Also see the list of articles, none to be taken seriously.

I’m giving WordPress a spin, replacing my own experimental statically-generated weblog publishing tool. The homegrown system worked well, but I wanted to add more dynamic features such as comments and trackbacks, and there’s so much other work going on with weblogging tools that it wasn’t a good use of time to implement those myself.

So I made some changes to WordPress to make it fit my publishing system, all of which are to be contributed back to the project.

  1. There is now an importer for RSS files and blogBrowser-style archives of RSS feeds (one folder per year, one RSS file per month). This allowed me to import entries from my own weblogging tool, which uses blogBrowser archives as its native data format. The importer supports multiple categories as well as modification dates, which brings me to:
  2. Modification dates. They’re now stored per post, and exported in the RSS feed, using a dcterms:modified element.
  3. UTF-8 Unicode storage of all posts. Minimal changes to the code; it mainly sets the right HTTP headers on the edit and post display pages and passes through the results without messing it up. Though PHP is still ISO-8859-1-centric in its string handling (and, the mbstring module aside, some of the other Unicode "support" just ends up replacing characters outside this set with question marks), it passes UTF-8 through fine.
  4. A few minor fixes (permalink generation from a custom format now works when the weblog is hosted somewhere below the root of the site; it’s possible to have a post in no categories).
  5. Multi-weblog synchronization. This is a consequence of the RSS import and modification date features. I can tie my production and staging servers together and update posts in both directions. (I’m just starting to test this out.)
Read and Post Comments

Tim Bray is looking for a better way to post photos to his web site. To judge from the sample photo, his current method doesn’t antialias the image, so sharp edges in the original look jagged when reduced in size.

I went through the same thing with iPhoto, which has an HTML Export feature that is similarly broken—it doesn’t antialias at all. It’s a strange limitation, considering that the Mac OS X graphics system has fast, high-quality antialiasing everywhere else, including fonts and Dock icons.

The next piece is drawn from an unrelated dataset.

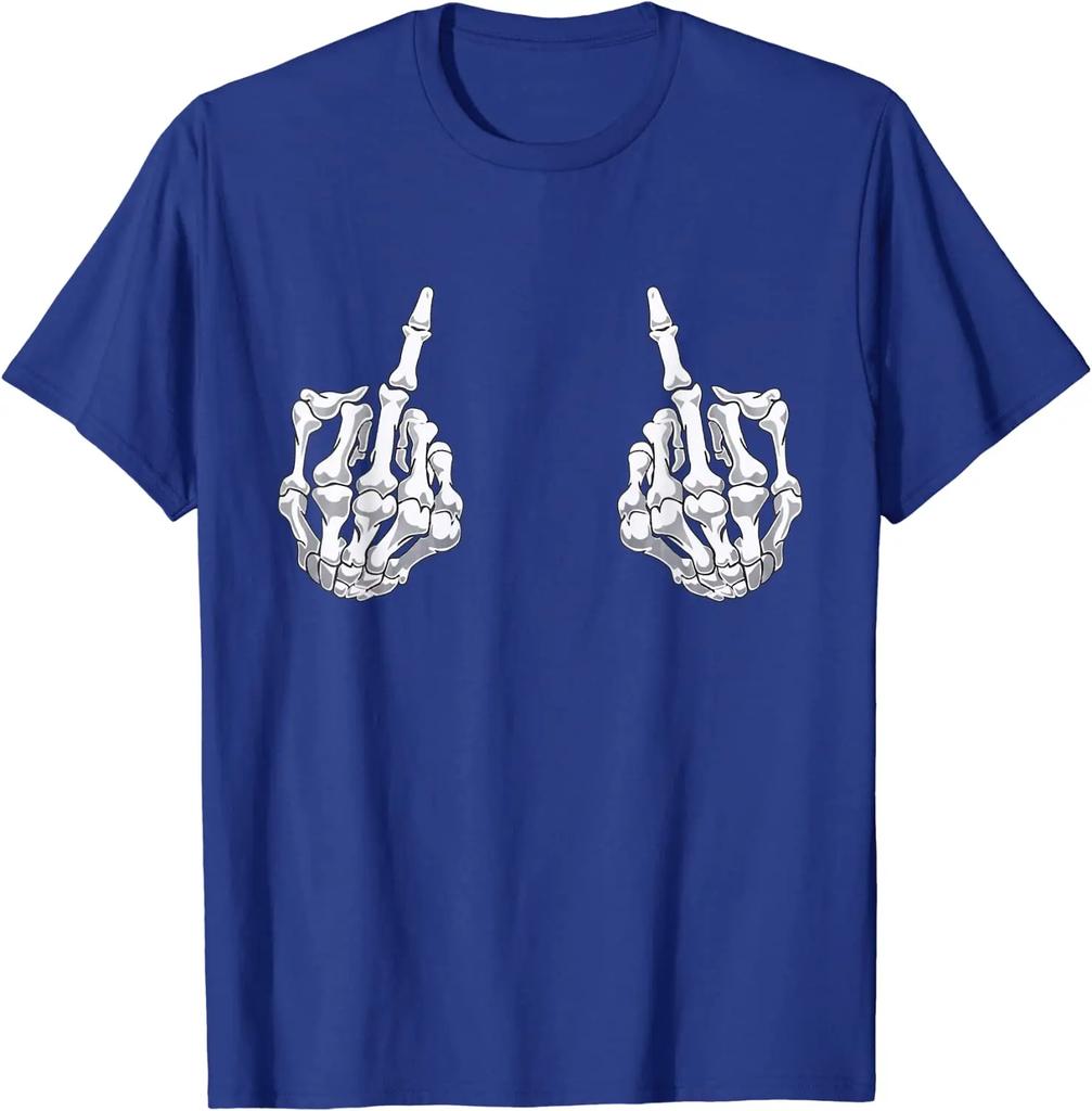 Рука скелета Хэллоуин Кости Средний палец Череп Мужчины Женщины Футболка Fxk Повседневный Четыре сезона Мужские футболки Homme

It’s as if Apple turned off a global switch in iPhoto for better performance when displaying large number of images onscreen, but forgot to turn it back on for HTML exporting, where quality should count for much more.

In any case, the quality of iPhoto’s exports was poor, so I wrote a Python script to handle the export using the Python Imaging Library. (Contact me if you’d like the code. So far, I’ve publicly released only the general-purpose plist parser that I wrote to handle the AlbumData.xml file.)

The script reads the titles and comments assigned in iPhoto, and parses them for category and other tagging information I’ve appended to the comments. Then it generates date-based and category-based HTML page hierarchies for all the albums whose names start with "Web-", and generates any thumbnails or medium-sized images that are missing.

The Python Imaging Library, or PIL, is very easy to install with MacPython 2.3’s Package Manager.

There are some drawbacks, though:

  • I had to push the JPEG quality setting very high to avoid obvious macro-blocking (squares showing up around detailed areas), and pushing the quality any higher caused PIL to fail by throwing an exception.
  • The BICUBIC setting for image reduction didn’t appear to work at all. The image ended up non-antialiased, the same as Photoshop’s "Nearest Neighbor" setting. Only ANTIALIASED had any effect. This may result in bilinear instead of bicubic interpolation, but the documentation isn’t clear.
  • The Thumbnail setting produces an image quickly, but they are very low-quality.
  • The Progressive setting for JPEGs seemed to cause even more exceptions when trying to save at high quality levels, so I was forced not to use it.
  • It’s not nearly as fast as Mac OS X’s Core Graphics image reduction. But then again, I wouldn’t expect it to be.

On the positive side, the antialiasing looks good, and PIL can also read embedded EXIF data. Images that I’ve tagged as deserving more info automatically get the aperture and shutter speed printed on the page.

The code for actually reducing and saving the image, ignoring the EXIF and album manipulations for now, is as simple as this:

if not os.path.exists(newPath):
    shrunkImage = im.resize(size, resample = PIL.Image.ANTIALIAS)
    shrunkImage.save(newPath, 'JPEG', quality = 90)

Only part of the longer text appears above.